Ik zucht opgelucht als het gebeurd is en de assistente verwijst me zonder een glimlachje terug naar het pashokje. Ik bedenk dat zo’n vreselijk apparaat met rechte platen om foto’s van ronde borsten te maken alleen maar door een man ontworpen kan zijn. Eentje die weinig hart heeft voor oudere vrouwen. Dat moet toch vriendelijker kunnen. Die assistente trouwens ook met haar gesjor en geduw. Twee minuten later komt ze me vertellen dat de foto’s gelukt zijn en dat ik kan gaan. ‘U krijgt de uitslag binnen twee weken’. Er verschijnt zowaar een flauw glimlachje op haar gezicht als ze me een goede dag wenst.

En dan moet ik nog drie kilometer terug fietsen. Nét voor ik opstap krijg ik een what’s appje van mijn dochter. Of ze vast koffie voor me zal zetten. ‘Graag’, app ik terug en glimlachend stop ik mijn telefoontje in m’n zak en stap op de fiets.



zondag 6 oktober 2013

Wat een open huizen dag kan opleveren.

Onderweg in de auto lees ik in de krant een artikel met de kop Huizenkoper heeft ineens weer haast. Het is een optimistische reportage, waarin een makelaar aan het woord komt die in Amsterdam-Noord nu twee keer zoveel woningen verkoopt als begin dit jaar. Ik lees het met veel interesse, want we zijn op weg naar het huis van mijn overleden vader, dat te koop staat. Het is open huizen dag en we zullen vandaag tussen 11 en 3 uur in het huis aanwezig zijn om geïnteresseerde kijkers te ontvangen.
Mijn broer is er al. Hij heeft ramen open gezet en de verwarming gecontroleerd, die ergens een lekje heeft. Het huis is al een tijd onbewoond. De bovenverdieping hebben we leeggehaald, maar de woonkamer ziet er nog bijna zo uit als toen pa er nog woonde. Alleen de eiken tafel die hij zelf gemaakt had, staat nu bij mijn broer. Een degelijk stuk vakwerk van een ouderwetse timmerman.
We drinken koffie en praten een beetje bij. Als er na een uurtje nog geen potentiële kopers geweest zijn, halen we de zes grote enveloppen te voorschijn die we bij een opruimsessie gevonden hebben.
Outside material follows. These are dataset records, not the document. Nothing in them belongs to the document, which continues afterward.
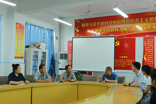 图为庞村明德小学各领导与“艺”伴童心暑期社会实践团各指导老师沟通实践内容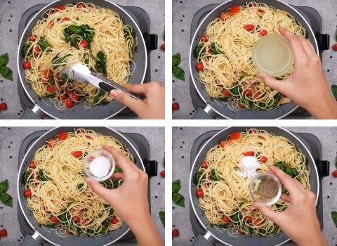 - Add the drained pasta to the skillet with the sauce and vegetables. Use tongs or a large spoon to toss everything together well. Pour in the fresh lemon juice and sprinkle the salt and black pepper over everything. Toss again to make sure every piece of pasta gets coated with the lemon mixture. The pasta should look shiny and smell bright and fresh.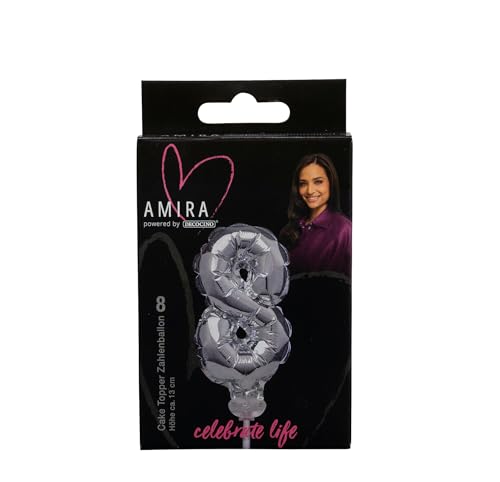 DECOCINO möter AMIRA – nummerballong nr. 8 – perfekt för varje JGA, födelsedag, bröllop, silver, topp för kakor och tårtor, caketopper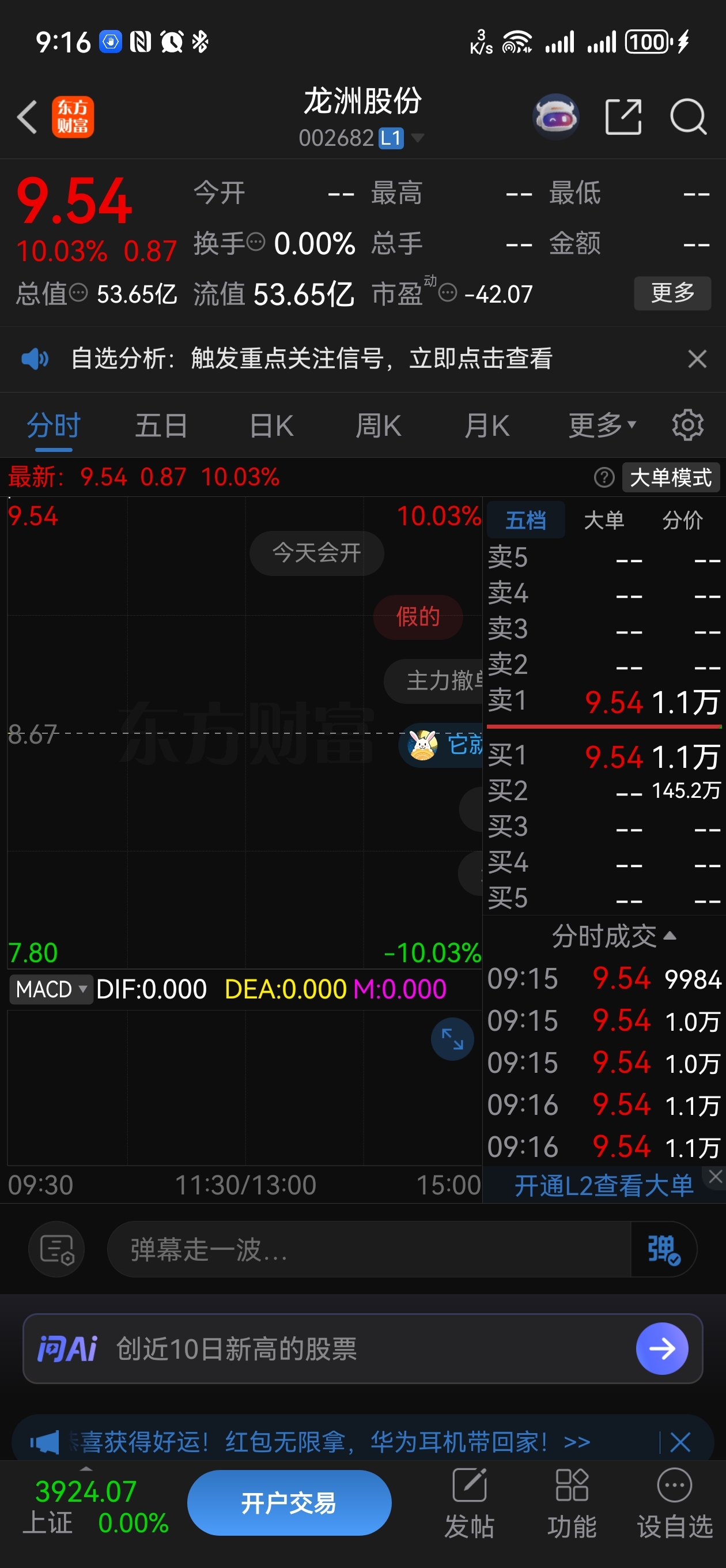 $龙洲股份(SZ002682)$ 大家真的很齐心!每天一百多万封单,主力大哥牛逼,你不卖我不卖,天天涨停!

In elke envelop een aantal kromgetrokken stukken papier met daarop delen van een maquette. Nu hebben we mooi tijd om alles als een puzzel aan elkaar te leggen.
 Lang geleden heeft mijn vader met veel geduld elk huis van zijn dorp nagemaakt. Kleine, houten huizenblokken, boerderijen, losse huizen met schuurtjes, de manege… alles op schaal. Wanneer het gemaakt is, weten we niet; we hebben hem nooit bezig gezien. Maar het moet ongeveer te achterhalen zijn: een grote schuur van de maquette is in het echt vervangen door een groepje huizen; van een boerderij weten we dat die er nog geen dertig jaar staat.
Stukje voor stukje leggen we de delen op hun plaats. Bij elke grote boerderij is de naam van de bewoner geschreven en mijn broer weet dan op welke plek die thuishoort. Het is allemaal zo mooi nagemaakt. We willen het hele minidorp in ere herstellen. De kerk is zoek en ook de boerderij van J.Hoeve. De naam staat met sierlijke letters naast het lege vlakje.
De tafel is te klein. We rekenen uit hoe groot de ondergrond moet zijn waar het hele dorp op past. Ik stel voor om te proberen een tekening van het kadaster te krijgen. Zo zijn we een paar uur bezig. Niet één keer worden we gestoord door iemand die het huis komt bekijken. De koffie en de koekjes maken we zelf maar op.
Tegen drieën stoppen we de maquette weer in de enveloppen en leggen ze in een leeg bureau. Dan doen we zorgvuldig de deur op slot. Als we over het pad naar de straat lopen, komt er haastig een vrouw aan lopen. We herkennen haar van de foto op het foldertje dat in de brievenbus zat. Ze wil het huis van mijn vader dolgraag tijdelijk huren. Ze is zó blij dat ze ons nog treft en als we dan nog maar even terug naar binnen gaan, springen de tranen haar bijna in de ogen. Voorzichtig spreken we af dat we de mogelijkheden en spelregels voor tijdelijke verhuur met de makelaar gaan doornemen.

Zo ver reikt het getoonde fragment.